LLMs and Context
Let’s start for something simple. LLMs don’t have memory.
Every time that you make a call to an LLM, you need to provide as an input all the context related to the request. The LLM will pick up this context and produce a result.
But, when using AI tools, for example a chat bot, you see that you have a conversation. And it continues the conversation and references things said before. And that is because the chat bot itself maintains and references the context back and forth. In a naive way, it stores the conversation and sends it whole to the model for each question, making the LLM understand what was discussed before and continue when it left.
While the chatbot app itself can store the results, there’s a limitation in the part of the LLM on how much context can accept, which limits the length of a conversation. Currently the maximum context window in modern LLMs are around 200K tokens to 1M tokens, depending on model and price.
A token is a part of a word. You can make a round number and think that 1M tokens are about 750K words
While the context appears to be quite high, there are problems where it quickly adds up.
First of all, those numbers are the maximum context window, but not the effective one. Once you start getting over a few thousand words the quality of the responses can start to be affected. The model won’t pay attention to the whole context, but to the start and/or end of it, maybe missing important information in the middle.
Secondly, you can reach the effective limit quite quickly. You’ve probably seen that GenAI tools tend to return a lot of text. A very simple question can return 200 words or more. A complex one way more than that. Going back and forth in a conversation, or even worse, work on a project, can quickly get to 10K+ words faster than you think. Remember that each time you’re adding all the context that was generated before.
Third, your context is not just your questions. Everything that the model needs to know should be included in the context. That can be your preferences (e.g. please return always Python code by default and follow PEP8 conventions). If there are tools (what makes agent capable of producing results), they need to be added to each individual request. And each tool needs to describe what is capable of doing so the model can request its usage.
The calls add up quickly. The context grows bigger.
Managing the context becomes an important part of handling any AI tool. There are a few ideas that can be used:
- Compress elements. Reducing the amount of information that’s necessary for describing tools, for example.
- Drops parts of the context. You can explicitly avoid storing parts of the conversation if they are not relevant any more, or including them dynamically.
- Summarise the previous conversation. To keep the whole context, you can ask the LLM model to make a short summary and use that in the newer calls. LLMs are good summarising!

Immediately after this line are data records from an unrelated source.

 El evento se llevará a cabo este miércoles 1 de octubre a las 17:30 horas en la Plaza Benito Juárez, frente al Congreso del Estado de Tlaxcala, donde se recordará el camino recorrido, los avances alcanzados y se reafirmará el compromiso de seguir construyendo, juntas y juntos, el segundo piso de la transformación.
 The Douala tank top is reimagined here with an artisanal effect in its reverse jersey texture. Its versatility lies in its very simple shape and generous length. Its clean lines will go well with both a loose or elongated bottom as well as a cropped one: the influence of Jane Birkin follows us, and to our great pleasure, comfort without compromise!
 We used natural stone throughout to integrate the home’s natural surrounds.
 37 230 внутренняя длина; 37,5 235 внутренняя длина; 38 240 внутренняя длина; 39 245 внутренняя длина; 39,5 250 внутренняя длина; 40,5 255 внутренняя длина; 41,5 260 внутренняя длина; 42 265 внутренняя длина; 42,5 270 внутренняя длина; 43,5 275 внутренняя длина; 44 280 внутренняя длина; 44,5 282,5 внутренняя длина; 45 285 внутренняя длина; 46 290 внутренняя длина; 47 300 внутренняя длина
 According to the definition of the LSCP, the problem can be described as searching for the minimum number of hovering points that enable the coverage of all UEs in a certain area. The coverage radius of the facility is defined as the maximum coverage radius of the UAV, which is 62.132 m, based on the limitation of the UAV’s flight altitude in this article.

- Chunk the information. Instead of one big call, doing smaller ones with defined task. This is the idea behind doing a plan first (big call) and then following up (run each task independently with a smaller context)

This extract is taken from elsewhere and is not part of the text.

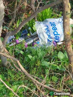 Plastic bag full of big, heavy niteous oxide canisters. Too heavy for me to pull out of hedge bottom. Located in small layby (not bigger layby further up the road)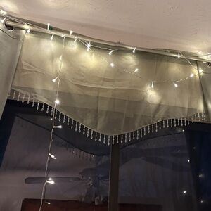 Drape, fluid, and adorned with dangling clear beads, these are truly the favorite part of my own master bedroom.

- Avoid including all tools. Instead, dynamically add tools as they are used or requested by the LLM. Tool management is tricky, as each one makes the AI system more capable, but at the same time, consumes important context.
MCPs in particular tend to provide many tools, like 50 per MCP. Having many MCP tools available all the time is not optimal. They quickly occupy the context!
If you develop an agent, which is a loop talking with an LLM, you need to ensure that your context is always healthy for the best results, which makes the management of the context very important.
Managing the context is not only important for getting good results, but also to keep costs under control. Cost is determined by amount of tokens sent to the LLM model. Unless the model is local or in your own controlled hardware, each individual call to the LLM is costing money, and it’s more expensive the more context you add. You can imagine that with complex operations, or agents performing operations for a long time, your bill can grow quickly.
Even if you use a chatbot tool, like ChatGPT, knowing how the context works will help you to better use it and to avoid overwhelm it with too much context.